Walking Meetings to Improve Workplace Health
Recommendations from Public Health England suggest that the majority of adults are not getting enough exercise. Perhaps it’s now down to HR departments to encourage their employees to get out and about during work hours. One of the suggested methods is walking meetings.
Taking steps to improve workplace health won’t only benefit you, there’s every chance it will benefit your business as well. There are several reasons why this could be the case, including reduced absences, as well as increases in creativity, and ultimately rises in productivity.
PHE also suggest that workplace health and wellbeing programmes such as exercise, healthy eating and stop smoking support can make a huge difference. According to PHE’s research, successful workplace health programmes have not only improved staff wellbeing, but actually offered a return on investment between £2 and £10 for every £1 spent.
Benefits of walking meetings
As suggested, one way of improving your workplace health is through introducing your staff to walking meetings. But as well as improving health, walking meetings can actually help get creative juices flowing. As the philosopher Friedrich Nietzsche wrote in 1889, “All truly great thoughts are conceived by walking”.

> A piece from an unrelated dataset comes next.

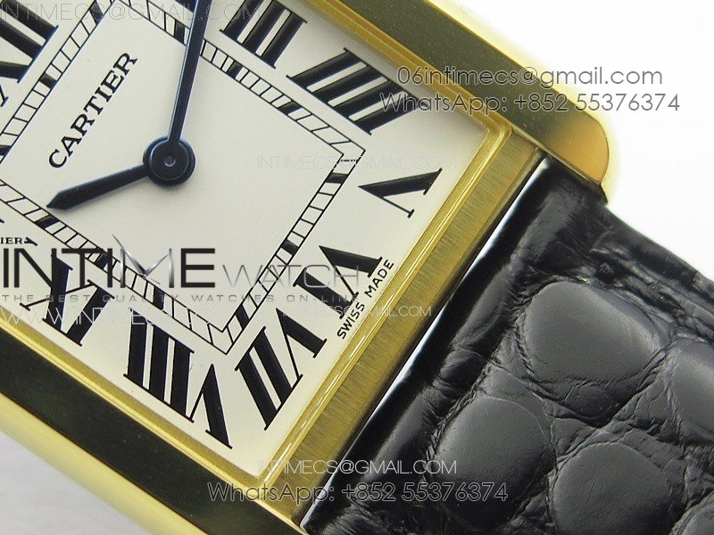 Tank Solo Ladies 25mm YG K11F 1:1 Best Edition White Dial on Black Leather Strap Ronda Quartz

This research report by M. Oppezzo and D.L. Schwartz from Stanford University, states the benefits of walking on creativity. The research summarises that 81% of people demonstrated more divergent thinking after walking, and calls walking a “simple and robust solution to the goals of increasing creativity and increasing physical activity”.
Tips for implementing walking meetings:
- They are best suited to 2 or 3 people.
- Set a destination that you will walk to, research suggests it is best to meander and not set a specific route. HBR blog adds that building in a point of interest can encourage others to go for a walk, for example a local monument or park.
- Have a topic to discuss: This applies to all kinds of meeting, not just the walking ones.
- Plan your meetings in advance. Don’t force or surprise people with walking meetings. Some people might take some convincing, but be gentle, and be prepared to take no for an answer.
- Research suggests that walking meetings are best for discussing ideas but not so great for making final decisions.
- Living streets recommend walking for at least twenty minutes
So why not give it a go, don’t forget to let us know how it works out.